▸ **The task**
Retype word for word the stretch of entries below from the line that has "Compatibility: designed to" through the line that has "対岸の生い茂る木々の中の枝先から飛び出したササゴイ。", and omit the pictures.

*** Opening Information shown ***

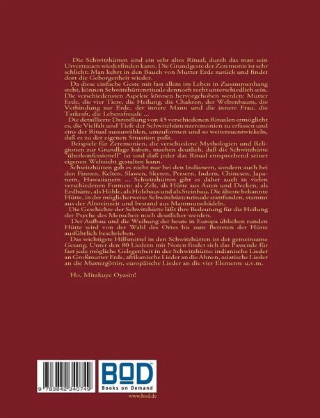 Die Schwitzhütten sind ein sehr altes Ritual, durch das man sein Urvertrauen wiederfinden kann. Die Grundgeste der Zeremonie ist sehr schlicht: Man kehrt in den Bauch von Mutter Erde zurück und findet dort die Geborgenheit wieder. Da diese einfache Geste mit fast allem im Leben in Zusammenhang steht, können Schwitzhüttenrituale dennoch recht unterschiedlich sein. Die verschiedensten Aspekte können hervorgehoben werden: Mutter Erde, die vier Tiere, die Heilung, die Chakren, der Weltenbaum, die Verbindung zur Erde, der innere Mann und die innere Frau, die Tatkraft, die Lebensfreude ... Die detaillierte Darstellung von 45 verschiedenen Ritualen ermöglicht es, die Vielfalt und Tiefe der Schwitzhüttenzeremonien zu erfassen und eins der Ritual auszuwählen, umzuformen und so weiterzuentwickeln, daß es zu der eigenen Situation paßt. Beispiele für Zeremonien, die verschiedene Mythologien und Religionen zur Grundlage haben, machen deutlich, daß die Schwitzhütte "überkonfessionell" ist und daß jeder das Ritual entsprechend seiner eigenen Weltsicht gestalten kann. Schwitzhütten gab es nicht nur bei den Indianern, sondern auch bei den Finnen, Kelten, Slawen, Skyten, Persern, Indern, Chinesen, Japanern, Hawaiianern ... Schwitzhütten gibt es daher auch in vielen verschiedenen Formen: als Zelt, als Hütte aus Ästen und Decken, als Erdhütte, als Höhle, als Holzhaus und als Steinbau. Die älteste bekannte Hütte, in der möglicherweise Schwitzhüttenrituale stattfanden, stammt aus der Altsteinzeit und bestand aus Mammutschädeln. Die Geschichte der Schwitzhütte läßt ihre Bedeutung für die Heilung der Psyche des Menschen noch deutlicher werden. Der Aufbau und die Weihung der heute in Europa üblichen runden Hütte wird von der Wahl des Ortes bis zum Betreten der Hütte ausführlich beschrieben. Das wichtigste Hilfsmittel in den Schwitzhütten ist der gemeinsame Gesang. Unter den 80 Liedern mit Noten findet sich das Passende für fast jede mögliche Gelegenheit in der Schwitzhütte: indianische Lieder an Großmutter Erde, afrikanische Lieder an die Ahnen, asiatische Lieder an die Muttergöttin, europäische Lieder an die vier Elemente u.v.m. Ho, Mitakuye Oyasin!
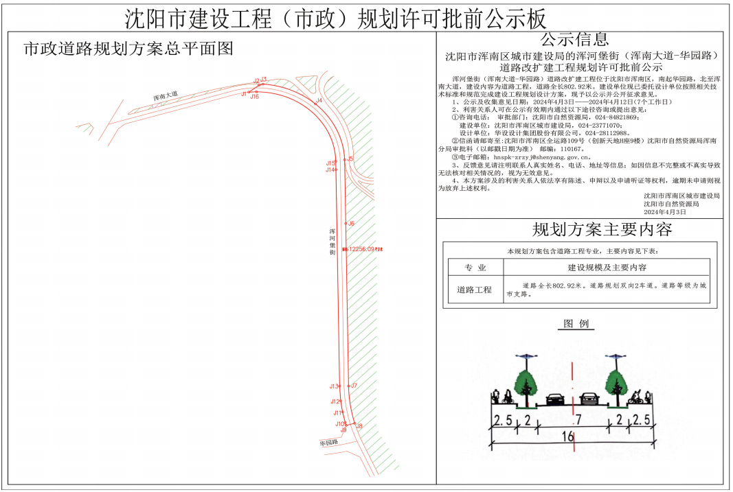 浑河堡街(浑南大道-华园路)道路改扩建工程位于沈阳市浑南区,南起华园路,北至浑南大道,建设内容为道路工程,道路全长802.92米。建设单位现已委托设计单位按照相关技术标准和规范完成建设工程规划设计方案,现予以公示并公开征求意见。 1、公示及收集意见日期:2024年4月3日——2024年4月12日(7个工作日) 2、利害关系人可在公示有效期内通过以下途径咨询或提出意见: ①咨询电话:审批部门:沈阳市自然资源局,024-84821869; 建设单位:沈阳市浑南区城市建设局,024-23771070; 设计单位:华设设计集团股份有限公司,024-28112988。 ②信函请邮寄至:沈阳市浑南区全运路109号(创新天地H座9楼)沈阳市自然资源局浑南分局审批科(以邮戳日期为准),邮编:110167。 ③电子邮箱:hnspk-zrzyj@shenyang.gov.cn 3、反馈意见请注明联系人真实姓名、电话、地址等信息;如因信息不完整或不真实导致无法核对相关情况的,视为无效意见。 4、本方案涉及的利害关系人依法享有陈述、申辩以及申请听证等权利,逾期未申请则视为放弃上述权利。 沈阳市浑南区城市建设局 沈阳市自然资源局 2024年4月3日
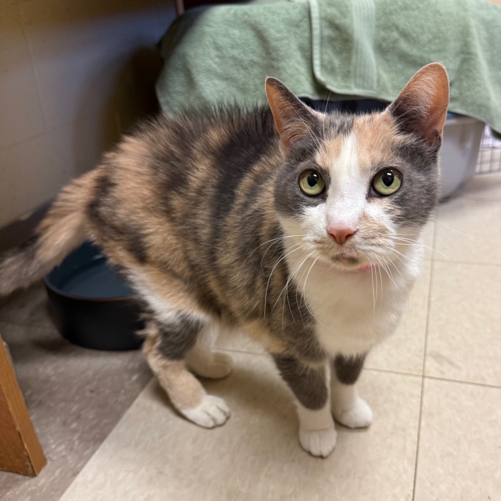 Harmony is a lovely 13-year-old buff calico with a personality as warm and colorful as her coat. This distinguished lady knows exactly what she likes—and she isn’t shy about it. She enjoys petting herself by weaving gracefully around your legs, accepting a few gentle head scritches before settling in on a tall cat tree for an afternoon nap, sometimes even tucking herself beneath a blanket as if making her own little sanctuary. Harmony delights in quiet conversations, the flick of a wand toy, and especially in her treasured treats of sardines in water or Churu. Having never lived with other cats and politely declining the company of dogs, she’s searching for a calm, relaxing home where her steady, confident presence can shine—an easygoing place where a cat with a big heart and a bigger personality can truly feel at peace.
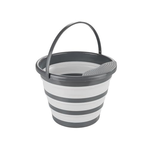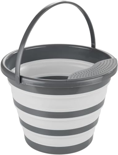 Avilia Hopfällbar hink 10 l med integrerad sil och ergonomiskt handtag, av polypropen, även perfekt lösning för resor eller camping, grå, 33 x 31,5 B x 24 H cm
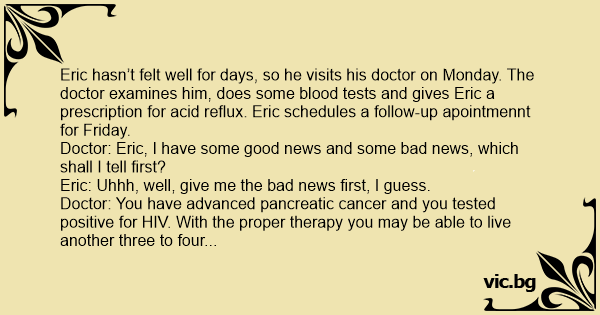 Doctor: Eric, I have some good news and some bad news, which shall I tell first?
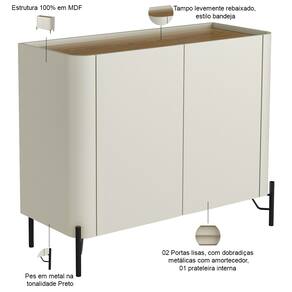 Fabricado em 100% MDF, esse buffet combina portas lisas e um design curvo - características do estilo orgânico - com pés metálicos industriais, criando um visual único e cheio de personalidade. Já com o tampo levemente rebaixado no estilo bandeja, esse aparador elegante oferece um espaço prático para exibir objetos decorativos ou servir drinks em encontros especiais. Por fim, seu amplo espaço interno garante organização sem comprometer a elegância, perfeito para guardar louças, toalhas ou itens de decoração.
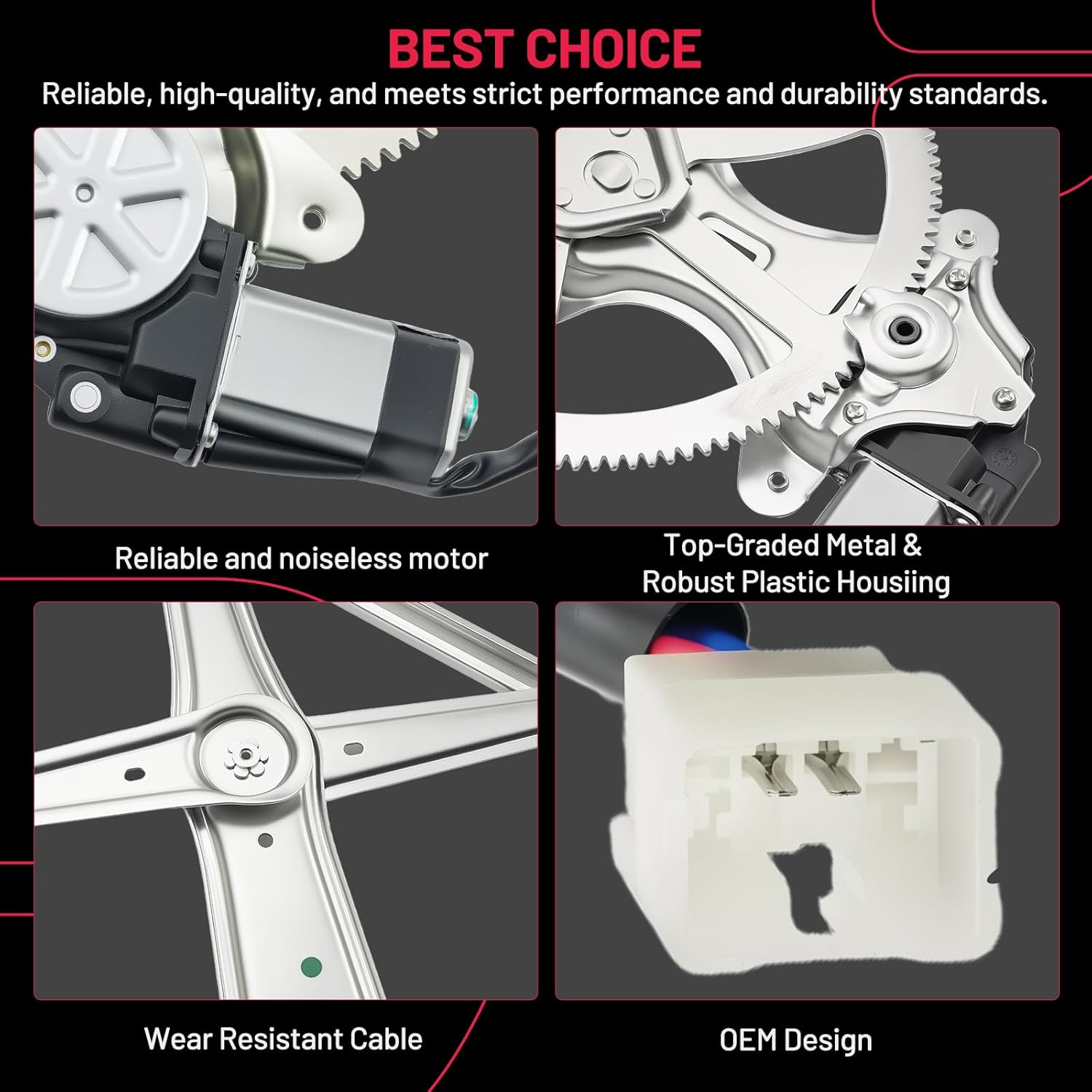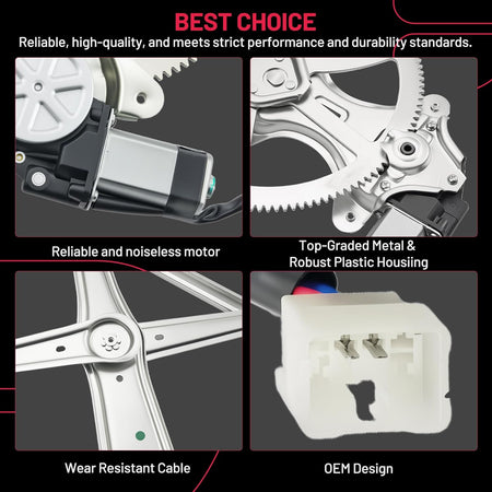 【Premium Quality】 This window regulator and motor assembly feature significant enhancements over the factory part, providing a higher level of reliability. It incorporates tension springs to effectively resist cable reel binding caused by prolonged use. Additionally, it is equipped with advanced cable guides to eliminate high cable tension and reduce cable stress.
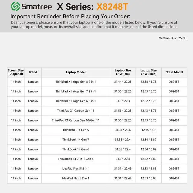 Compatibility: designed to perfectly fit for 14 inch Lenovo ThinkPad X1 Yoga Gen 8/7/6 2 in 1 laptop; 14 inch Lenovo ThinkPad X1 Carbon Gen 11/10 laptop; 14 inch Lenovo IdeaPad Flex 5i/5 2 in 1 laptop; 14 inch Lenovo ThinkBook 14 Gen 6 laptop ^^
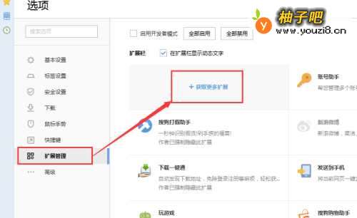 3接下来点击页面左侧的“扩展管理”选项卡,然后点击“获取更多扩展”。
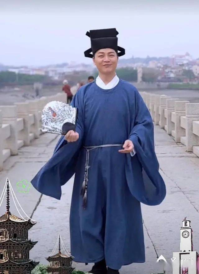 在直播中,任鲁豫还走出后直播间,穿上古代举子衣冠,漫步在洛阳桥上摆Pose,体会泉州的文脉遗风。
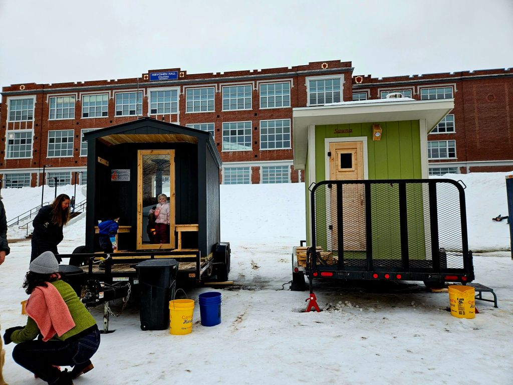I’m back at Camp Many Moons in Michigan’s Upper Peninsula, where wild turkeys waddle out of my path and deer bolt across it. I hear coyotes at night and see evidence of a wild kill underfoot. And where is my attention? On toilets and paint colors, as we continue the slow progress to turn a house into a home. In the 10 days since my return, we took one day to celebrate a uniquely Finnish-American winter festival in my hometown. All the others have been focused on more decisions for the DIY home-builder — and admiring the flush toilet! The story below….
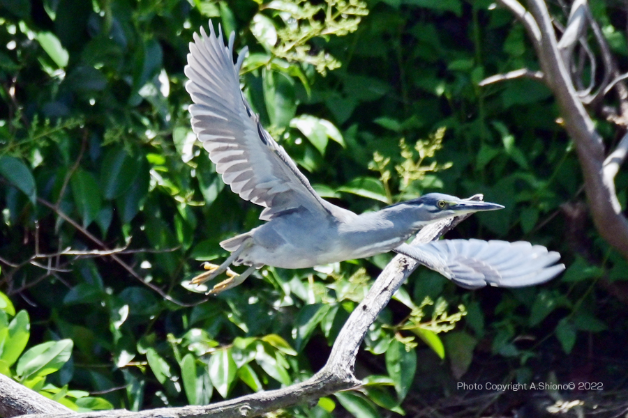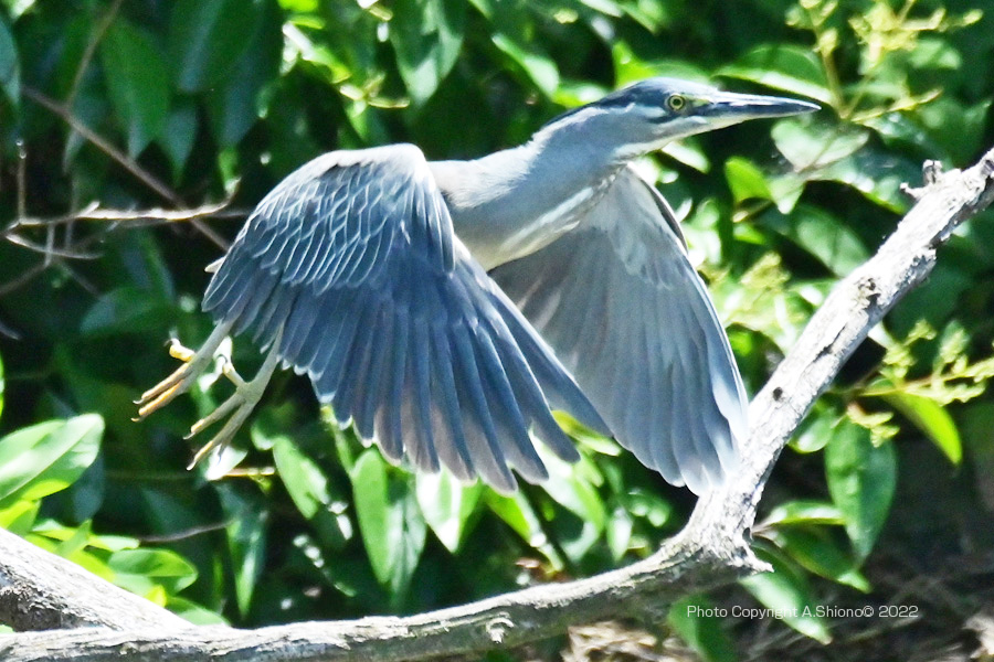 対岸の生い茂る木々の中の枝先から飛び出したササゴイ。
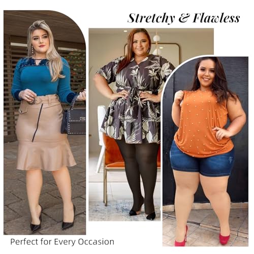 More information about 2 Pairs Plus Size Tights for Women, 40D Semi Sheer T-Crotch Pantyhose High Waist Stockings with Reinforced Toe
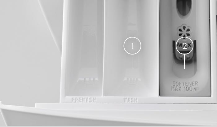 Lisää nestemäistä pesuainetta oikeaan lokeroon (1) ja vettä hylkivä aine kankaanpehmennyslokeroon (2) lisätäksesi tai palauttaaksesi veden hylkivän pinnan vaatteen viimeisessä huuhtelussa. Vältä jauhepesuaineiden, huuhteluaineiden tai valkaisuaineiden käyttöä.
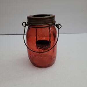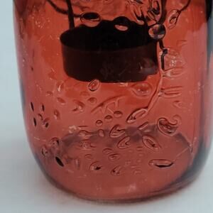 This is a rustic red-tinted glass jar, designed to function as a lantern or candle holder. It features a distressed, dark metal lid and a wire handle attached to the jar's neck, allowing it to be hung. Inside, a small dark object, likely a tea light or votive candle, is visible, suggesting its intended use for ambient lighting. The glass itself has a textured or embossed pattern, adding to its decorative appeal.
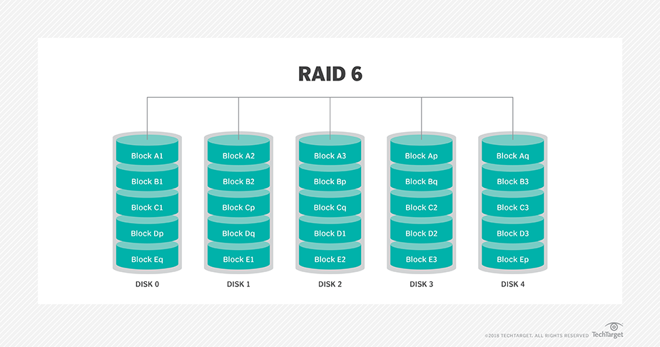 RAID 6 ออกแบบมาเพื่อแก้ไขปัญหาของ RAID 5 ด้วยการเพิ่มจำนวน Block สำหรับเก็บไฟล์ Parity ขึ้นเป็น 2 Blocks เพื่อเพิ่มประสิทธิภาพในการกู้คืนระบบทำได้ดียิ่งขึ้น อย่างไรก็ตาม มันก็มีข้อเสียตรงที่ RAID 6 จะมีประสิทธิภาพในการเขียนข้อมูลได้ช้ากว่า RAID 5
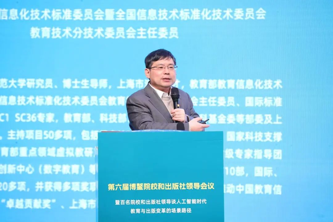 教育部教育信息化技术标准委员会暨全国信息技术标准化技术委员会教育技术分技术委员会主任委员吴永和作题为《人工智能赋能教育教学》的报告,围绕人工智能赋能教育发展新需求、人工智能赋能教育实践新探索、人工智能赋能教育发展新思考三个方面进行深入阐述,分享了一系列在教育实践中应用人工智能的创新尝试,为教育领域如何应对人工智能技术的挑战与机遇提供了宝贵的见解和指导。
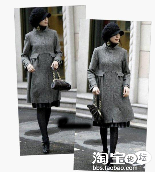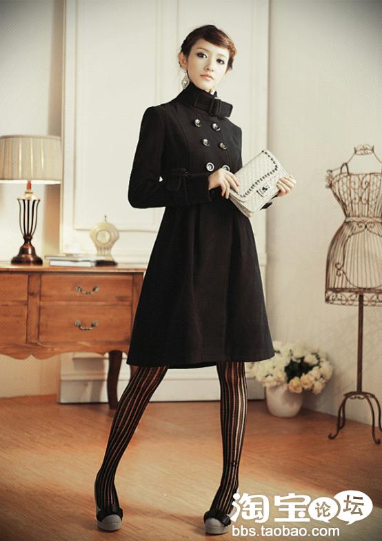 长款的呢子大衣立领设计给人高贵的气质,可以挡住mm们的大pp和大象腿。注意的是她的裤袜。。。是竖条的哦会把腿部的线条拉长很赞!

*** Closing Information shown ***

▸ **Result for this exercise**
 Compatibility: designed to perfectly fit for 14 inch Lenovo ThinkPad X1 Yoga Gen 8/7/6 2 in 1 laptop; 14 inch Lenovo ThinkPad X1 Carbon Gen 11/10 laptop; 14 inch Lenovo IdeaPad Flex 5i/5 2 in 1 laptop; 14 inch Lenovo ThinkBook 14 Gen 6 laptop ^^
 3接下来点击页面左侧的“扩展管理”选项卡,然后点击“获取更多扩展”。
 在直播中,任鲁豫还走出后直播间,穿上古代举子衣冠,漫步在洛阳桥上摆Pose,体会泉州的文脉遗风。
I’m back at Camp Many Moons in Michigan’s Upper Peninsula, where wild turkeys waddle out of my path and deer bolt across it. I hear coyotes at night and see evidence of a wild kill underfoot. And where is my attention? On toilets and paint colors, as we continue the slow progress to turn a house into a home. In the 10 days since my return, we took one day to celebrate a uniquely Finnish-American winter festival in my hometown. All the others have been focused on more decisions for the DIY home-builder — and admiring the flush toilet! The story below….
 対岸の生い茂る木々の中の枝先から飛び出したササゴイ。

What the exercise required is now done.